[Start of section]
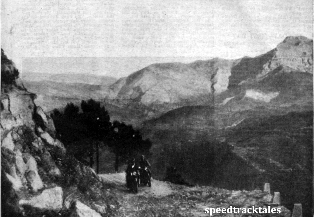 photo – The coast route in the Riviera di Fiori passes through scenes of breathtaking beauty. But H.R. Taylor (998 Vincent-HRD sc) and his passenger have little opportunity to appreciate it. ISDT 1948 (Speedtracktales Collection)
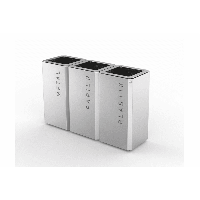 De afvalbak is uitgerust met drie uitneembare binnenbakken van gegalvaniseerd staal met een dikte van 0,8 mm en een inhoud van 69 liter per bak. De bak wordt geopend door het bovenste deksel naar achteren te kantelen, wat zorgt voor eenvoudig en praktisch gebruik.
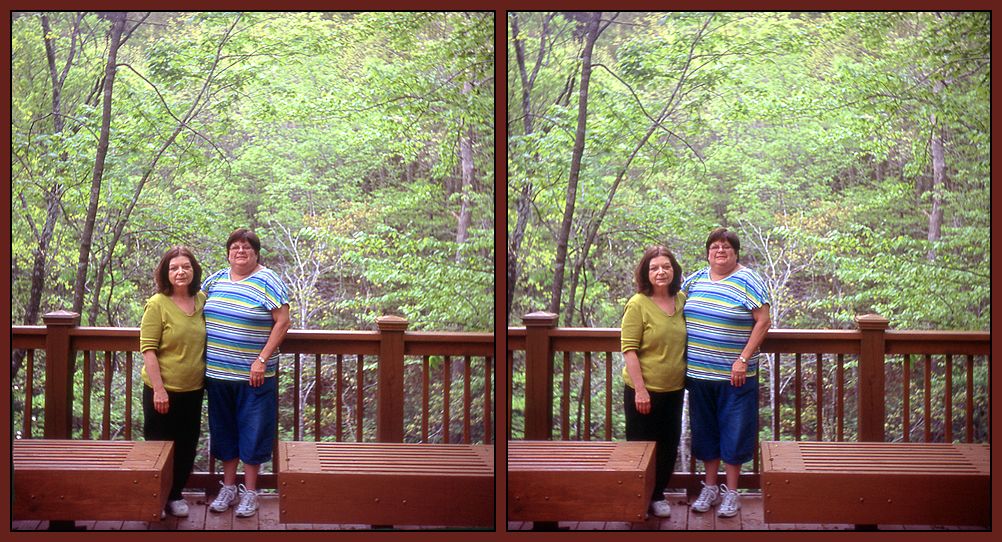 the sisters, Darlene and Louann, on the deck above the Grandview Peaks waterfall
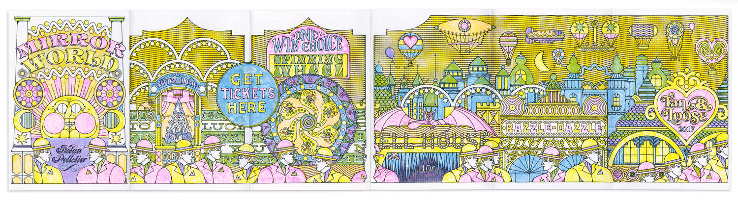 Take a trip through the mystical funhouse world of Nolan Pelletier. It's a psychedelic, multi-dimensional journey full of chimps, wizards and serpents. And it's an accordion book!
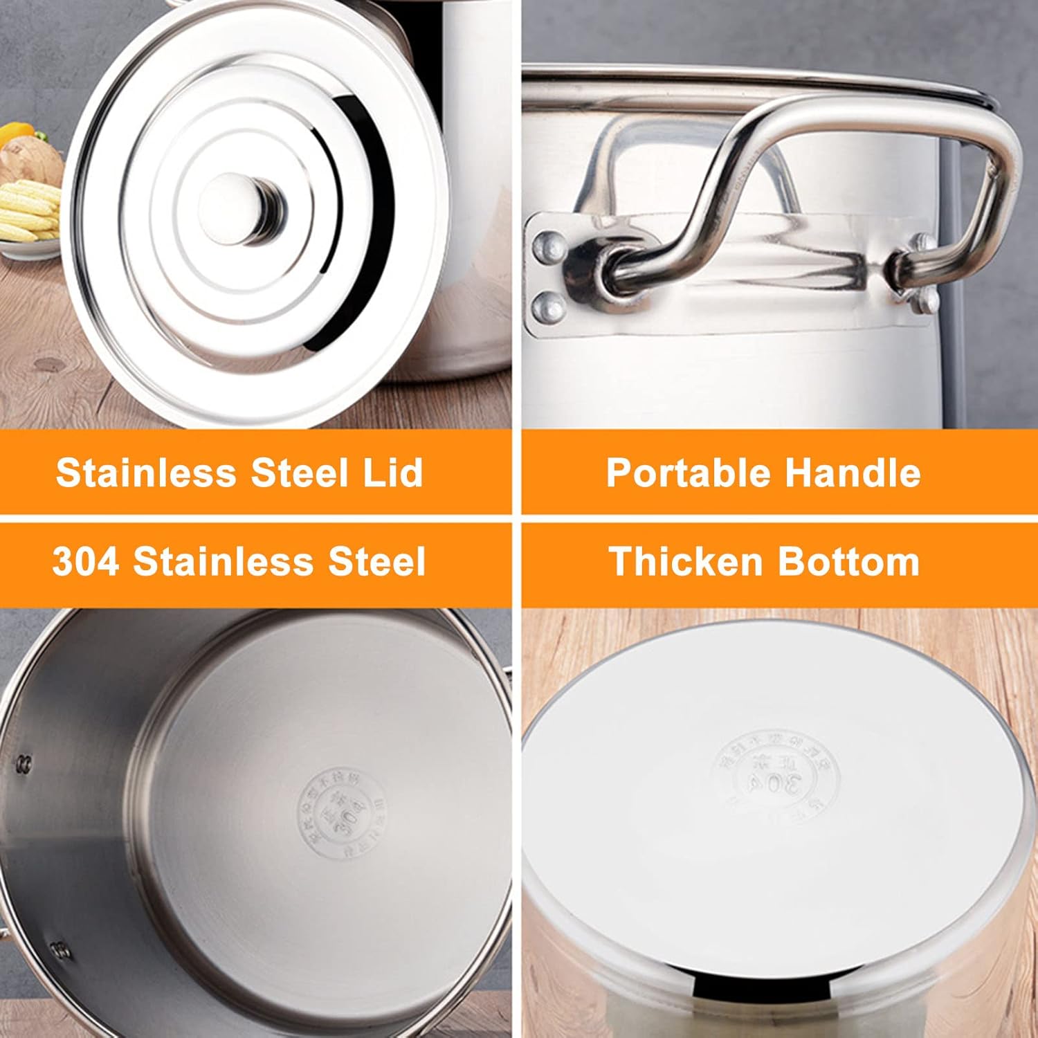 Large Food Grade 304 Stainless Steel Soup Kitchen,3-Layer Composite Bottom,Large Commercial Soup Kitchen,20-50cm (Silver-36cmx36cm
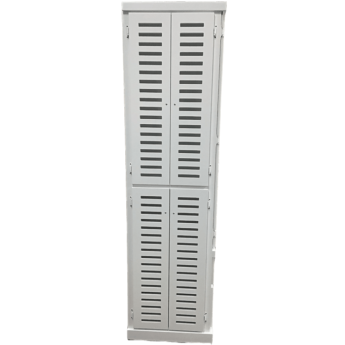 Tall and narrow shoe cabinet with slatted doors and adjustable shelves. Painted white. FROM $1299
[End of section]
Starting at the first line of the listing above, write out each line exactly and nothing else until you reach the line containing "Large Food Grade", which is included as well; omit all pictures.

 photo – The coast route in the Riviera di Fiori passes through scenes of breathtaking beauty. But H.R. Taylor (998 Vincent-HRD sc) and his passenger have little opportunity to appreciate it. ISDT 1948 (Speedtracktales Collection)
 De afvalbak is uitgerust met drie uitneembare binnenbakken van gegalvaniseerd staal met een dikte van 0,8 mm en een inhoud van 69 liter per bak. De bak wordt geopend door het bovenste deksel naar achteren te kantelen, wat zorgt voor eenvoudig en praktisch gebruik.
 the sisters, Darlene and Louann, on the deck above the Grandview Peaks waterfall
 Take a trip through the mystical funhouse world of Nolan Pelletier. It's a psychedelic, multi-dimensional journey full of chimps, wizards and serpents. And it's an accordion book!
 Large Food Grade 304 Stainless Steel Soup Kitchen,3-Layer Composite Bottom,Large Commercial Soup Kitchen,20-50cm (Silver-36cmx36cm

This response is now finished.